4.2. Validation of Disease-Relevant Complexes

HDACs are chromatin modifiers and play an important role in the epigenetic regulation of gene expression.[58] Evidence suggests a link between misregulated HDAC activity and neurode-generative diseases such as Parkinson’s disease.[59] Inhibition of misregulated HDAC activities is an effective strategy for therapeutic treatments, and numerous studies are focusing to reveal HDAC inhibitor specificities and molecular actions.[37,60] Therefore, mammalian HDAC family enzymes are emerging as important drug targets. However, very little is known about the specific molecular mechanism of HDAC inhibitors, and this molecular mechanism may involve the interaction of HDAC complexes and their PTMs. Our SEC co-fractionation, LC–MS profiling, and complementary co-IP experiments confirmed interaction of HDAC1/2 with the various components of SIN3A and NuRD complex components.

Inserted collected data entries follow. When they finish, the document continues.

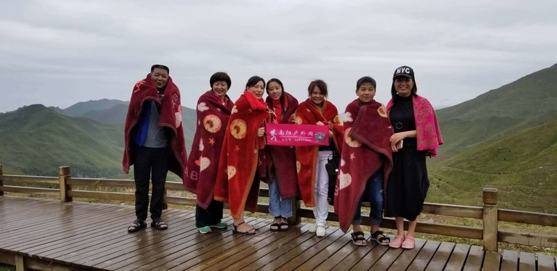 沿途美景尽收下:从塔尔寺到青海湖,随着海拔升高,气温渐降,车外温度已降至个位。但车外景色不错。至海拔最高处,领队让停车拍照。车外的低温已使大家顾不上形象的问题了,能穿的都穿上了,连车上的毛毯也不放过。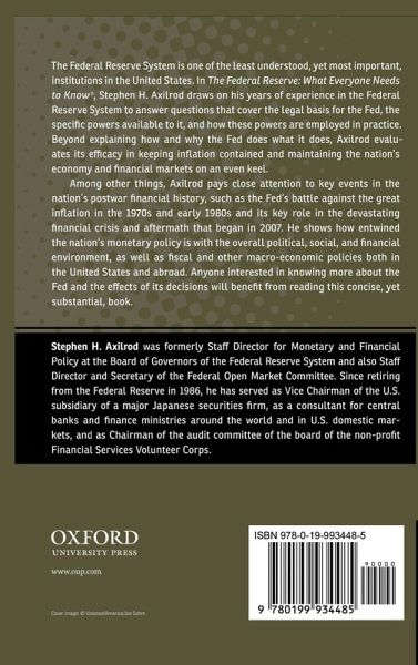 The Federal Reserve System--the central bank of the United States, better known as The Fed--has never been more controversial. Criticism has reached such levels that Congressman Ron Paul, contender for the Republican presidential nomination in 2012, published End the Fed, with blurbs from musician Arlo Guthrie and actor Vince Vaughn. And yet, amid a slow economy and partisan gridlock, the Fed has never been more important. Stephen H. Axilrod explains this influential agency-its powers, operations, how it sets policy-in The Federal Reserve, a timely addition to Oxford's acclaimed series What Everyone Needs to Know. Of the two major governmental tools for shaping the economy, Congress controls fiscal policy-taxation and spending-and the Fed makes monetary policy-influencing how much money circulates in the economy, and how quickly. Traditionally the Fed has relied on three instruments: open-market operations (buying and selling U.S. bonds), lending to banks, and setting reserve requirements on bank deposits. It also helps to regulate the financial system. Drawing on years of experience inside the Federal Reserve System, Axilrod shows how these tools actually work, and answers a series of increasingly detailed questions in the series format. He asks, for instance, if the system of regional Fed banks needs modification for today's technological landscape; if there is corruption in the Fed's governance; what happens to profits from its operations; the impact of political pressure; the extent of Congressional oversight; and just how independent it truly is. Whether discussing the Fed's balance sheet through the financial crisis of 2008 and beyond, the federal funds rate, or the international context, Axilrod displays a mastery of his subject Coming in time for the Fed's 100th anniversary in 2013, this book deftly explains an institution that every American needs to understand.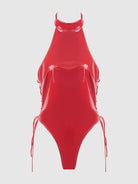 TRINITY PATENT LACE UP HALTER TEDDY
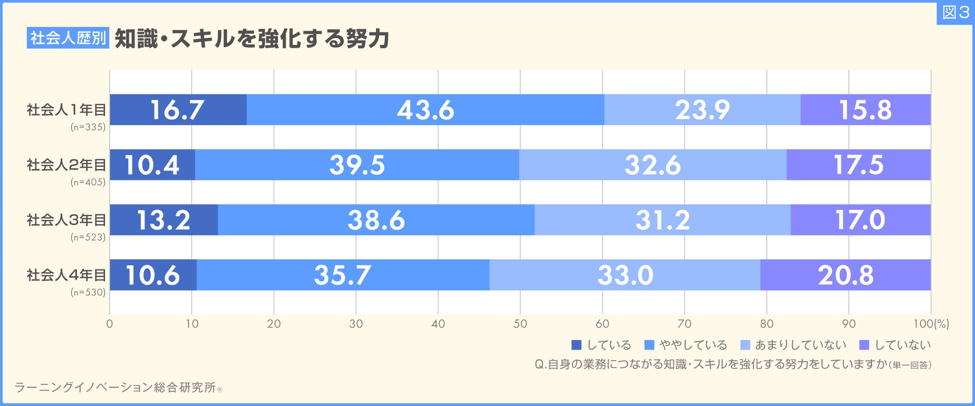 「自身の業務につながる知識・スキルを強化する努力をしていますか」という質問に対し、「している」「ややしている」と答えた割合は、社会人1年目社員は60.3%でしたが、社会人2年目社員は49.9%、社会人3年目社員は51.8%、社会人4年目社員は46.3%でした。知識・スキル強化をしている社会人4年目社員の割合は社会人1年目社員に比べて14.0ポイント低く、業務につながる知識・スキルの強化は社会人1年目社員が最も努力していることがわかりました(図3)。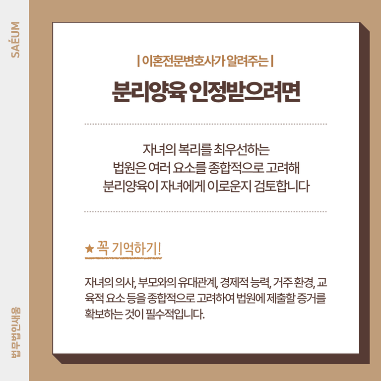 분리 양육을 주장하려면 법적 대응을 철저히 준비해야 합니다. 법원은 자녀가 부모 중 누구와 생활하는 것이 더 적절한지를 여러모로 검토하므로, 객관적인 증거를 통해 본인의 양육 능력을 입증하는 것이 중요합니다.

Additionally, histone methylation and demethylation processes are important for gene transcription and changes in histone methylation are also linked to many cancers and neurodegenerative diseases.[61] The lysine specific demethylase KDM1A is also implicated in brain function. RCOR1 has a specific role to repress transcription of neuron-specific genes in non-neuronal cells. SEC co-fraction of KDM1A and RCOR1 with HDAC1/2/3 confirm that both KDM1A and RCOR1 are integral components of the human deacetylase complex.[45,62]

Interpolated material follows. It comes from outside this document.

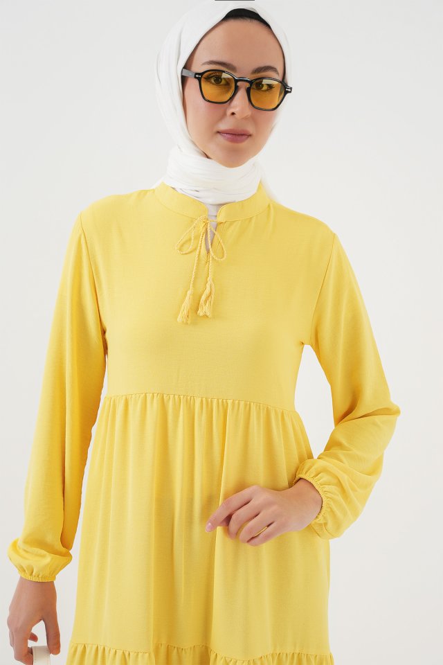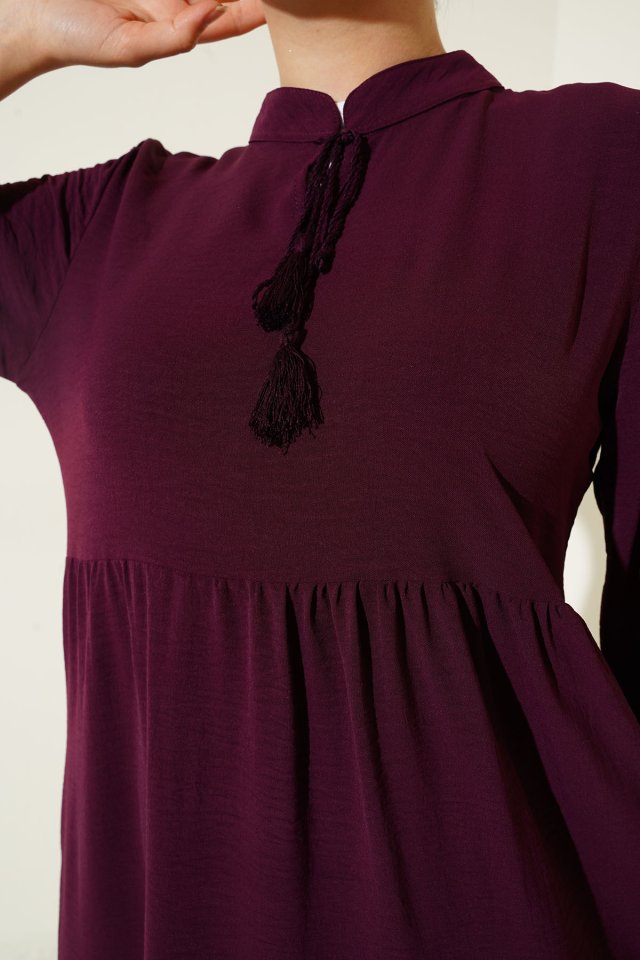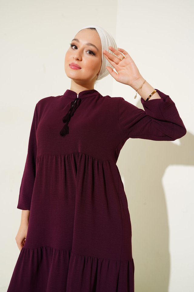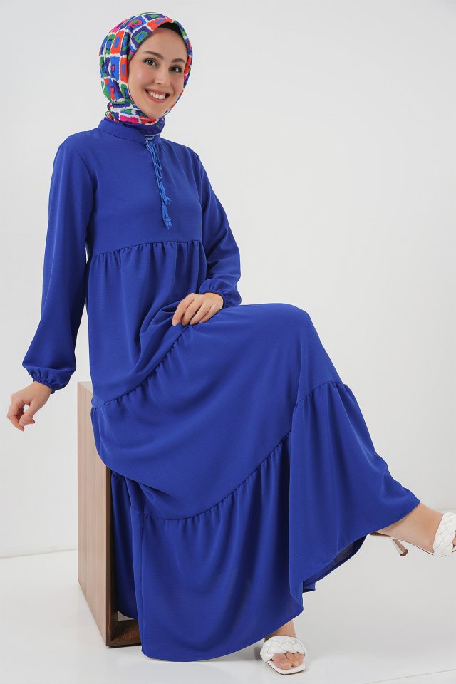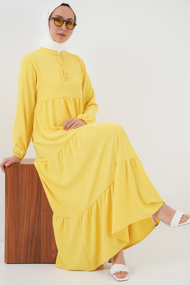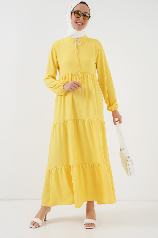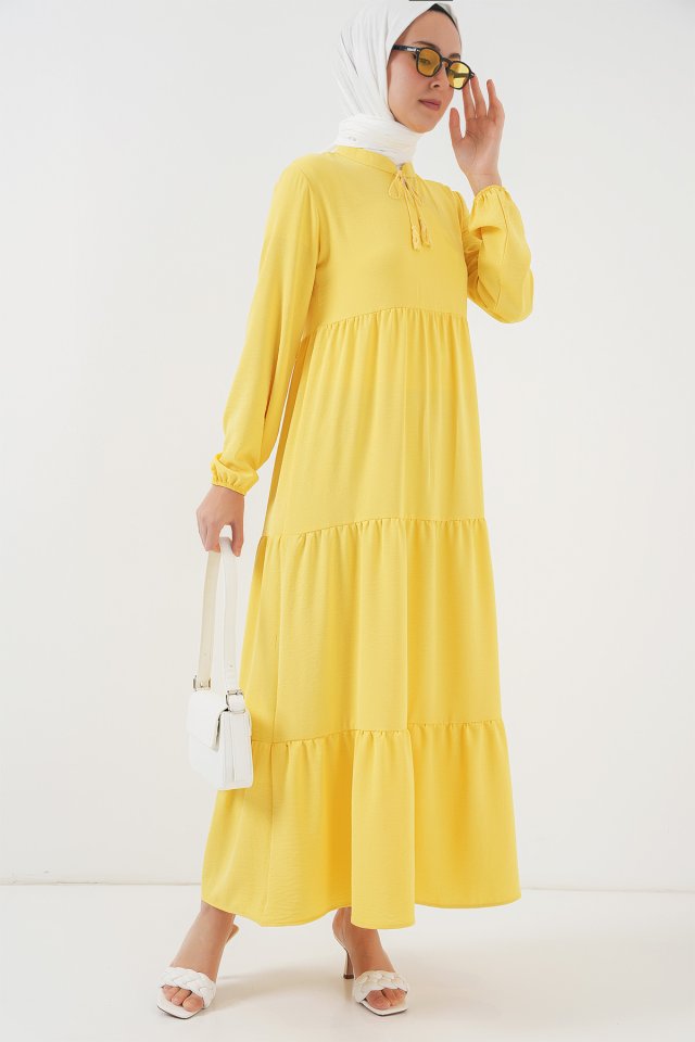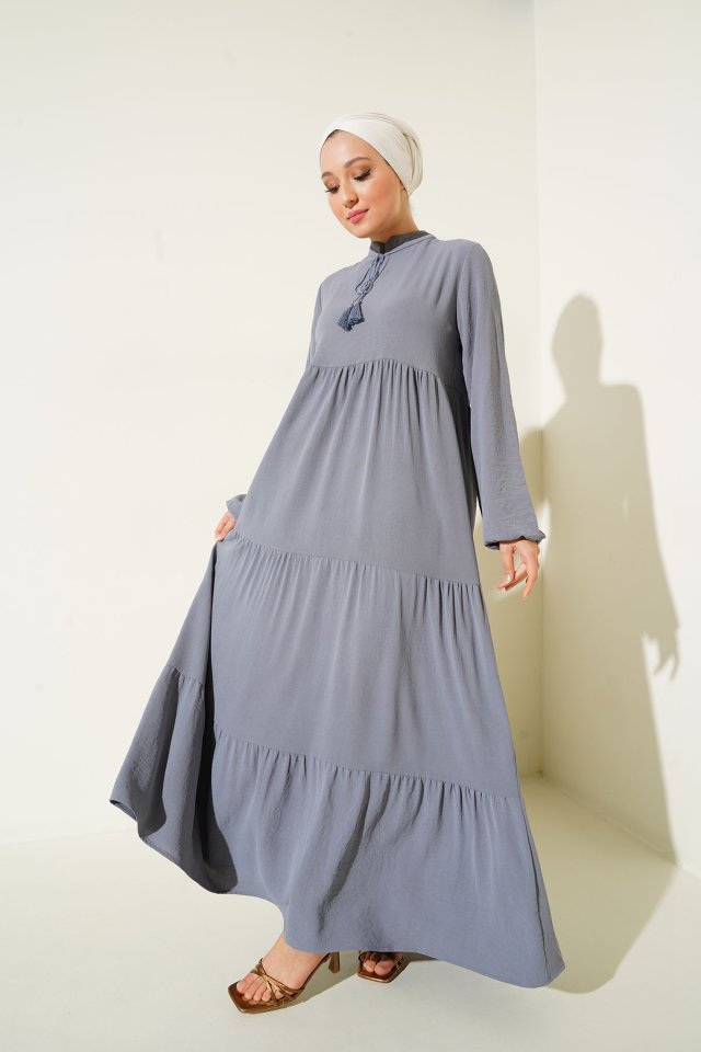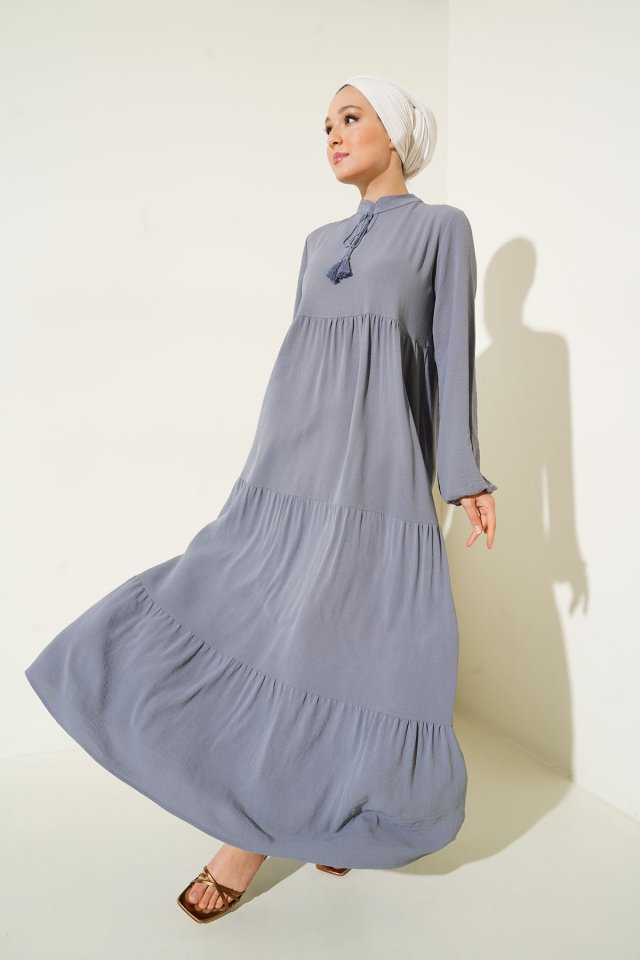1627 Yaka Bağcıklı Tesettür Elbise - Gri

4.3. Identification of Potential Novel Protein Complexes

The method we outlined here to profile nuclear complexes can be used not only to identify known complexes but also for the identification of novel complexes. Our protein search identified numerous unannotated proteins with an Rapp value greater than 2 in both replicates. One particular protein is DERP12. A monomer of DERP12 is 38 kDa, however, our analysis indicates that DERP12 is in a complex that is over 100 kDa. Interestingly, DERP12 has been reported to be differentially expressed in ovarian cancer following treatment with the chemotherapy cisplatin,[63] and DERP12 may serve as a biomarker for chemoresistance in ovarian cancers. Additionally, we identified the protein GPatch8 in our analysis to have an Rapp greater than 2. GPatch8, a 164 kDa RNA binding protein, has an Mapp over 500 kDa. According to the STRING database, GPatch8 is predicted to interact with Death Inducer-obliterator 1, while BioGRID indicates 40 interactions identified via high-throughput methods, however, very little has been validated. Interestingly, high-throughput genomic analyses in GBM suggest that high expression of GPatch8 correlates to a longer survival time.[64] Further characterization of these potential protein complexes is necessary, but this demonstrates how utilizing this approach can define novel complexes that may have biological significance.

Furthermore, our hierarchical clustering is another way to identify putative complexes. Proteins are clustered by their elution profile, therefore those that cluster together are likely to be in a complex together. Again, further validation studies to confirm such interactions are necessary.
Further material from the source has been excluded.